Associations of Novel Dietary and Lifestyle Inflammation Scores With Incident Colorectal Cancer in the NIH-AARP Diet and Health Study

Colorectal Cancer
27/05/2020

Byrd DA, et al. JNCI Cancer Spectr 2020.

ABSTRACT

BACKGROUND: Chronically higher inflammation, likely contributed to by dietary and lifestyle exposures, may increase risk for colorectal cancer (CRC). To address this, we investigated associations of novel dietary (DIS) and lifestyle (LIS) inflammation scores with incident CRC in the prospective National Institutes of Health-American Association of Retired Persons Diet and Health Study (N = 453 465).
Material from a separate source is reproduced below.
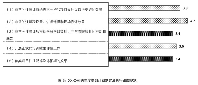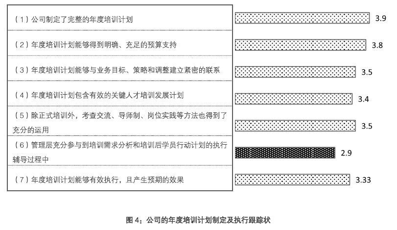 调研结果显示(满分为5分),在大部分企业当中,培训仍然被认为是“人力资源部那些家伙的事”,直线经理并没有充分参与到培训前后的需求分析和跟进辅导当中。培训与业务目标的联系需要进一步加强、增加聚焦关键人才的培训计划、丰富培训与发展手段,是企业在制定年度培训计划中需要着重加强的环节。

METHODS: The components of our previously developed and externally validated 19-component DIS and 4-component LIS were weighted based on their strengths of associations with a panel of circulating inflammation biomarker concentrations in a diverse subset (N = 639) of participants in the REasons for Geographic and Racial Differences in Stroke Study cohort. We calculated the components and applied their weights in the National Institutes of Health-American Association of Retired Persons cohort at baseline, summed the weighted components (higher scores reflect a higher balance of proinflammatory exposures), and investigated associations of the scores with incident CRC using Cox proportional hazards regression. All statistical tests were two-sided.

RESULTS: Over a mean 13.5 years of follow-up, 10 336 participants were diagnosed with CRC. Among those in the highest relative to the lowest DIS and LIS quintiles, the multivariable-adjusted hazards ratios (HRs) and their 95% confidence intervals (CIs) were HR = 1.27 (95% CI = 1.19 to 1.35; P trend < .001) and 1.38 (95% CI = 1.30 to 1.48; P trend < .001), respectively. The associations were stronger among men and for colon cancers. The hazards ratio for those in the highest relative to the lowest joint DIS and LIS quintile was HR = 1.83 (95% CI = 1.68 to 1.99; P interaction < .001).

CONCLUSIONS: Aggregates of proinflammatory dietary and lifestyle exposures may be associated with higher risk for CRC.